Sip, don’t clip, this shrub

no, not a flowering shrub

Let’s talk about shrubs, shall we? No, not the woody-stemmed, smaller-than-a-tree, bushy plant kind of shrubs.

For our purposes, we’re talking this week about a shrub you can drink. 

Evolved from the Arabic word sharab, or schurb, which just means “drink,” a shrub is an acidulated* concoction of fruit and (sometimes) sugar, steeped in vinegar.

Shrub-as-beverage dates back to the 17th and 18th centuries in England, and later in the American colonies in the New World.  A shrub was a cocktail (or soft drink) made from a sweet, vinegared syrup, mixed with spirits, water, or soda-water.

Shrub-vinegar-drinkPrior to the invention of refrigeration, a sweetened, vinegar-based shrub syrup was a means of preserving berries and fruits for use in the off-season. That shrub syrup is also known as drinking vinegar.

Drinking vinegar is often infused with fruit juice, herbs and spices for use in mixed drinks.
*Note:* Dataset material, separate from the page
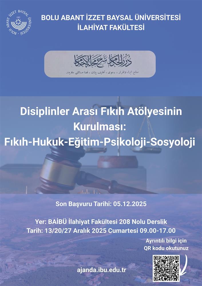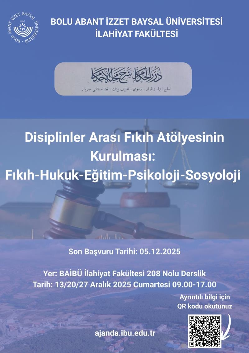 2025-BDP-017 numaralı BAP-03 türündeki “Disiplinler Arası Fıkıh Atölyesinin Kurulması: Fıkıh – Hukuk – Eğitim – Psikoloji – Sosyoloji” adlı proje kapsamında düzenlenecek olan atölye çalışmasına başvurular başlamıştır.

The higher concentration of flavor and sugar allows the shrub to be stored for later use, like a modern-day drink mixer.

The most basic, simple recipes for shrubs call for vinegar poured over fruit (usually berries), and left to infuse anywhere from overnight up to several days. Afterwards, the fruit gets strained out, and the remaining liquid mixed with sugar or honey, and reduced to make a syrup.

A basic shrub recipe calls for these three ingredients:

  • Fruit (or berries, herbs, even vegetables)
  • Sugar (if you want)
  • Vinegar (pref. white balsamic, for a prettier drink color)
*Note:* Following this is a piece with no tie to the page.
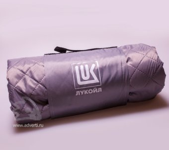 Одна из сторон пледа полиэстеровая, вторая — флисовая. Поставляется в стяжке в тон пледа. Плед украшается вышивкой на шевроне или же шелкографией на стяжке, потому что само изделие имеет неровную стеганую поверхность с обеих сторон.

Make the shrub using a ratio of 2 parts vinegar to 1 part fruit. If using sugar in your shrub, gently mash the fruit and sprinkle with enough sugar to cover, allowing it to macerate** for (at least) a few hours, before mixing with the vinegar.

Hot or cold? Shrub is a “choose your own adventure” recipe. You can boil the fruit-optional sugar-vinegar mixture, yielding a more concentrated syrup that cooks up quickly. Or you can take the no-cooking cold shrub route: let the sugared fruit sit in the refrigerator for up to several days, covered, before adding vinegar and straining out the fruit. The cold shrub method yields a stronger flavor, but takes longer. Shake or stir the shrub before using.

Stir it up. The sweet-and-sour “drinking vinegar” shrub syrup could be mixed with either water or bubbly soda water and served as a soft drink, or it could be used as a mixer, with spirits, in alcoholic cocktails. One or two Tbsp of shrub will flavor one 6 – 8 oz drink.

Although shrubs fell out of popular use with the widespread use of in-home refrigeration, the resurgence in cocktail culture of the past ten years has ushered in a new interest in shrub drinks. The acidity of the shrub makes a nice alternative choice to bitters in cocktails; and unlike citrus-based drinks, vinegar-based cocktails stay clear (not cloudy) when shaken.


Photo credits: Rhododendron shrubs in Sheringham Park, Chris J. Wood
Pomegranate-Quince Balsamic drink, by AllSpicer Anna vanM.

*(For extra credit, remember that acidulated means a liquid is made more acidic with the addition of vinegar, wine, or fruit juice).
**(When you stew fruit in sugar, it draws out the juices and that is called maceration.)